__PROBLEM__
In the copy, keep every word of the data below and none of its pictures.

__THE DATA__
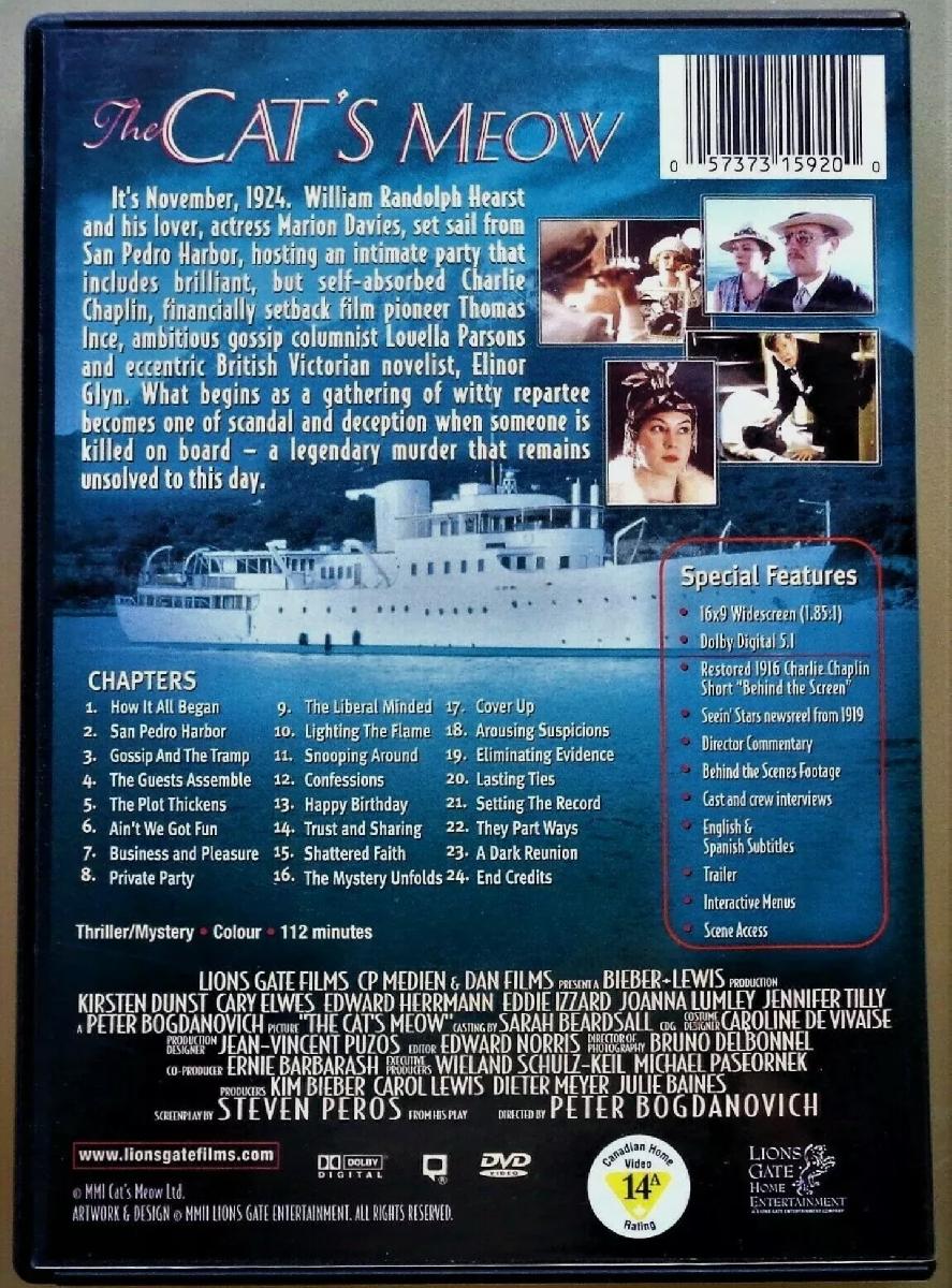 THE CAT'S MEOW DVD ~ MYSTERY THRILLER ~ KIRSTEN DUNST JOANNA LUMLEY R1 [ENDED]
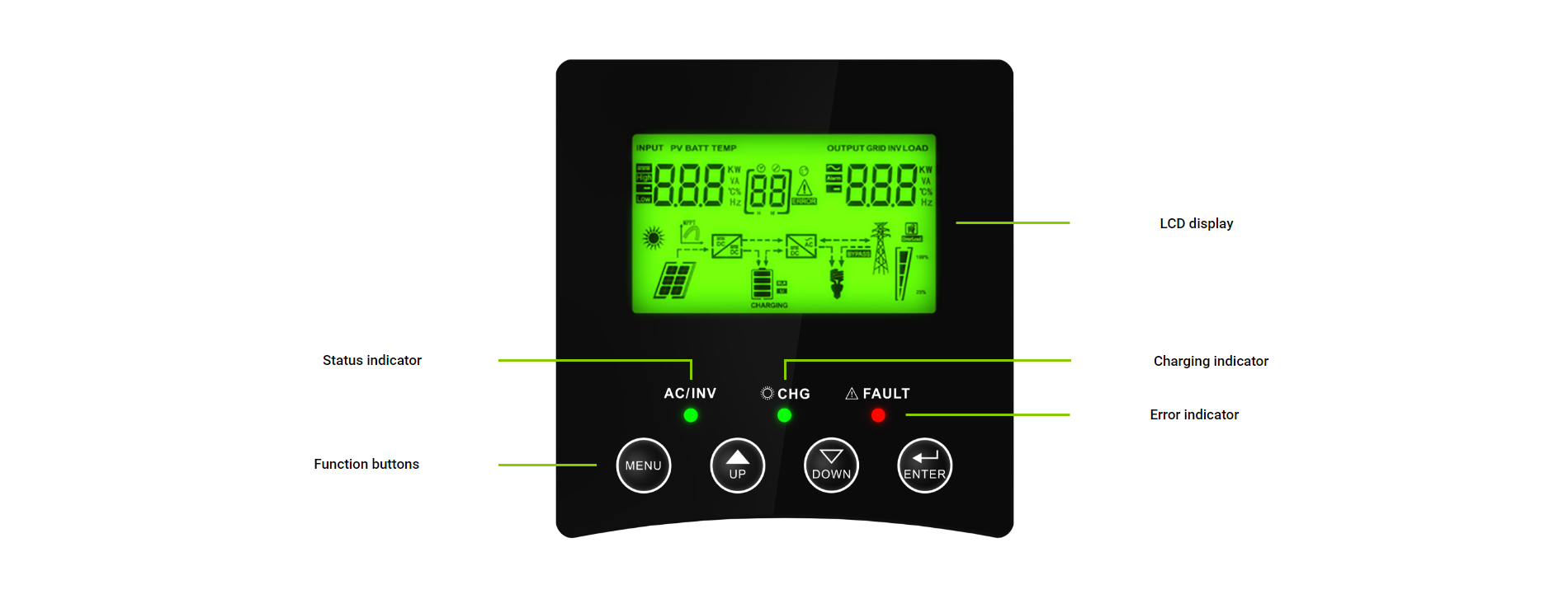 The Green Cell solar inverter is equipped with a readable, multifunctional LCD display that informs about the most important parameters of the inverter and allows you to adjust the settings to the needs of both the energy installation and the individual needs of the user.
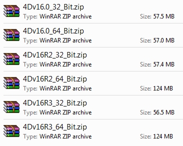 Below is an image containing zipped folders of 32 and 64 bit versions of the 4D folder for v16.0, v16R2, and v16R3. Notice the increase in size for v16R2 and v16R3 64 bit versions.

__TASK RESPONSE__
 THE CAT'S MEOW DVD ~ MYSTERY THRILLER ~ KIRSTEN DUNST JOANNA LUMLEY R1 [ENDED]
 The Green Cell solar inverter is equipped with a readable, multifunctional LCD display that informs about the most important parameters of the inverter and allows you to adjust the settings to the needs of both the energy installation and the individual needs of the user.
 Below is an image containing zipped folders of 32 and 64 bit versions of the 4D folder for v16.0, v16R2, and v16R3. Notice the increase in size for v16R2 and v16R3 64 bit versions.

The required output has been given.